Data entries

[Start of Attachment]

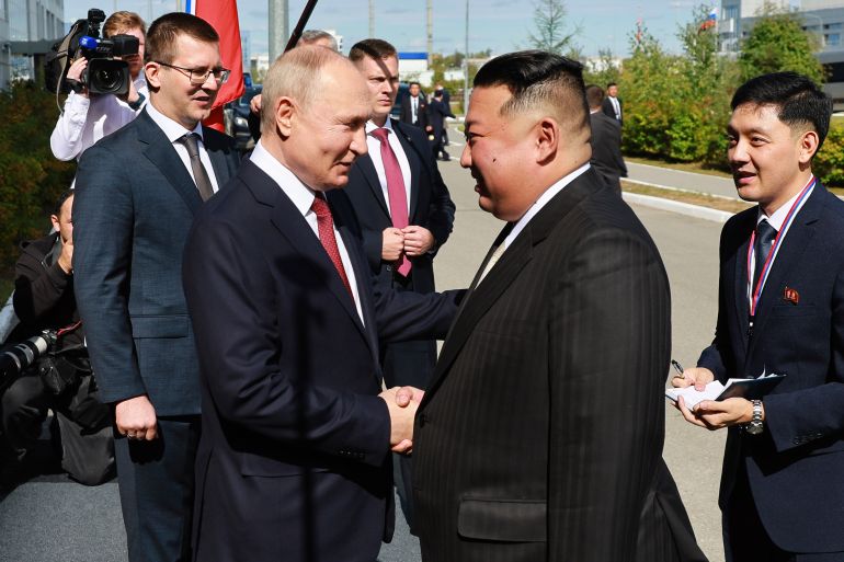 ![Kim arrived at the meeting in a limousine that was brought from Pyongyang on his special armoured train. [Sputnik/Mikhail Metzel/Reuters]](https://www.aljazeera.com/wp-content/uploads/2023/09/33V48HN-highres-1694600777.jpg?fit=1170%2C780&quality=80)
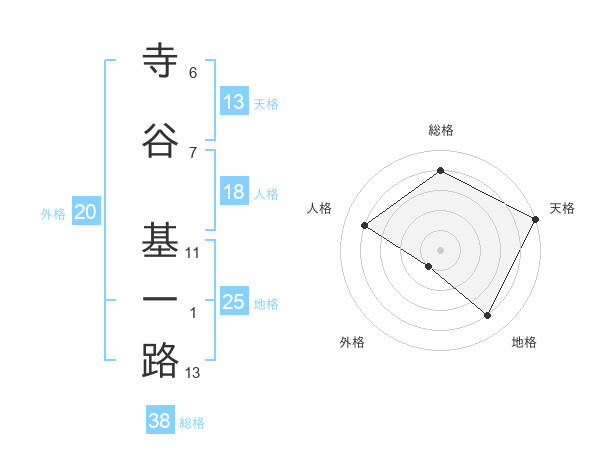 寺谷 基一路さんの総格は38画の4点!
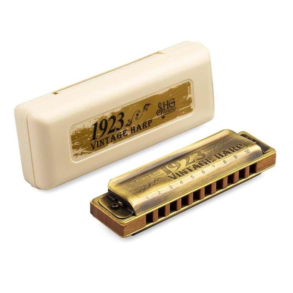 A Gaita Hering modelo da linha Vintage Harp, fabricado com revestimento em metal cromado e com detalhes em madeira de alta densidade. Possui afinação em Ré, com resposta imediata, um alto volume e um timbre encorpado.
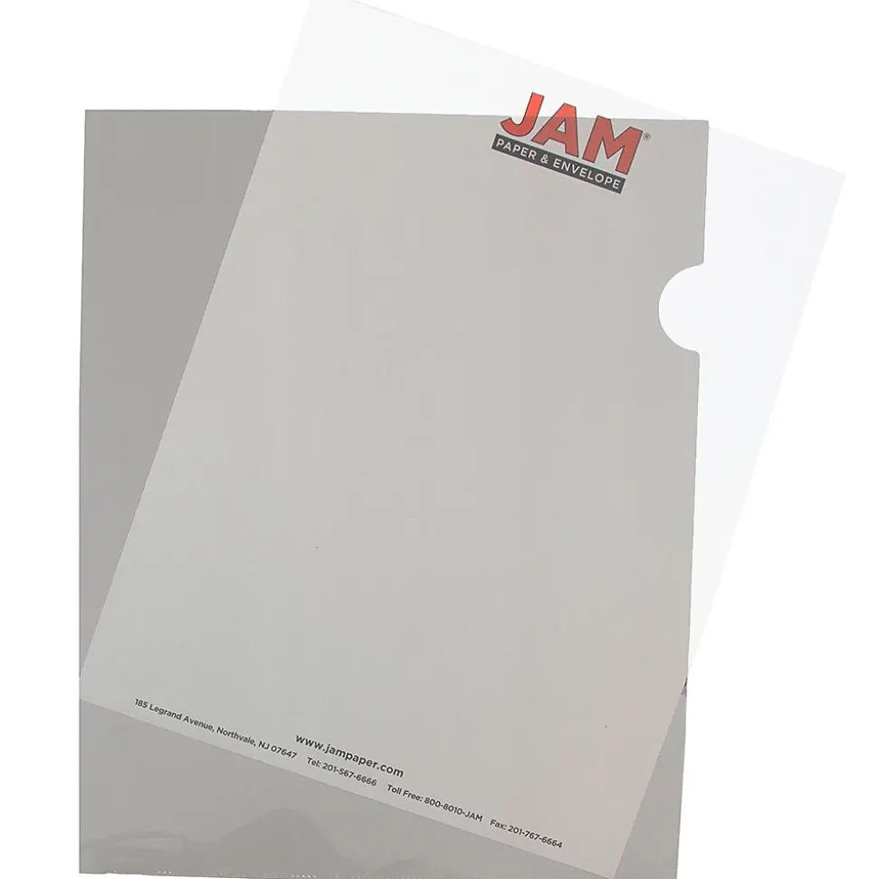 For protecting your documents reliably in a place you can see them, JAM Paper® Smoke Plastic Sleeves are an excellent option! These 9 x 11.5 inch sleeves are made out of smooth, light weight, non-stick, acid free, moisture resistant, transparent, grey-tinted poly plastic. This pack contains 120 sleeves!The left edge and bottom edge of each one is permanently sealed closed to keep documents in place. The top and right edges are open so that you may slide documents in and out with ease. There are two indented notches in the right side that assist with lifting the front cover to place documents inside. The subtle smoky grey color of these sleeves can help them stand out among white sheets of paper.
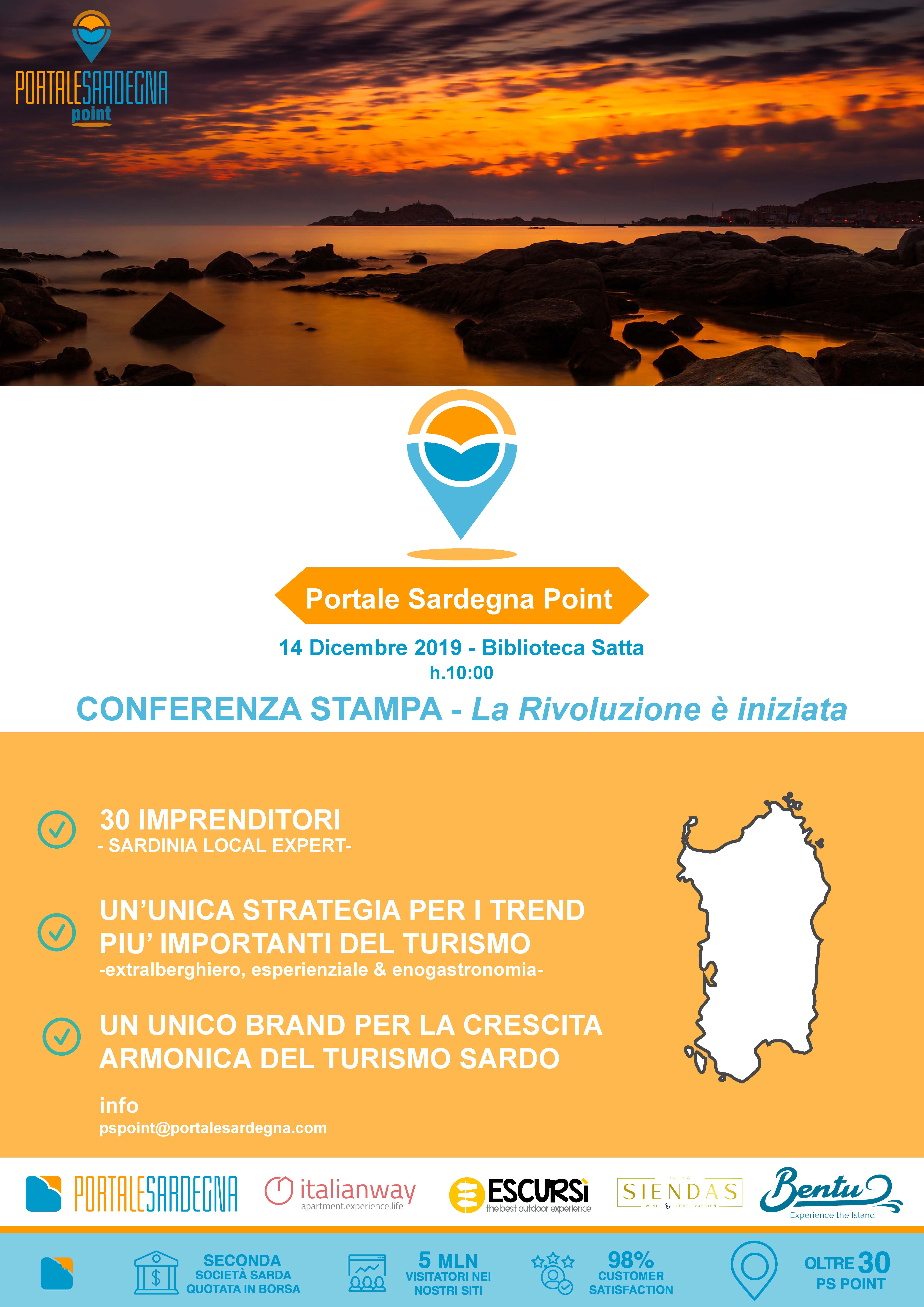 Sabato 14 dicembre alle ore 10 Portale Sardegna Group, società quotata in borsa sul mercato AIM Italia, presenta il progetto Portale Sardegna Point. L'appuntamento è all’auditorium della biblioteca Satta a Nuoro. Tutti gli imprenditori sono invitati a partecipare. Sarà l'occasione per condividere un progetto turistico ambizioso che intende creare un nuovo modello di sviluppo sostenibile per le comunità locali. Questo progetto è un tassello fondamentale per raggiungere tale scopo, ponendosi l’obiettivo di sviluppare sotto un’unica regia coordinata tre settori in grande espansione: extralberghiero, turismo esperienziale e enogastronomia.

[End of Attachment]

A verbatim copy of the records is expected, from their first line through the line with "寺谷 基一路さんの総格は38画の4点!", inclusive, with the pictures removed.

 ![Kim arrived at the meeting in a limousine that was brought from Pyongyang on his special armoured train. [Sputnik/Mikhail Metzel/Reuters]](https://www.aljazeera.com/wp-content/uploads/2023/09/33V48HN-highres-1694600777.jpg?fit=1170%2C780&quality=80)
 寺谷 基一路さんの総格は38画の4点!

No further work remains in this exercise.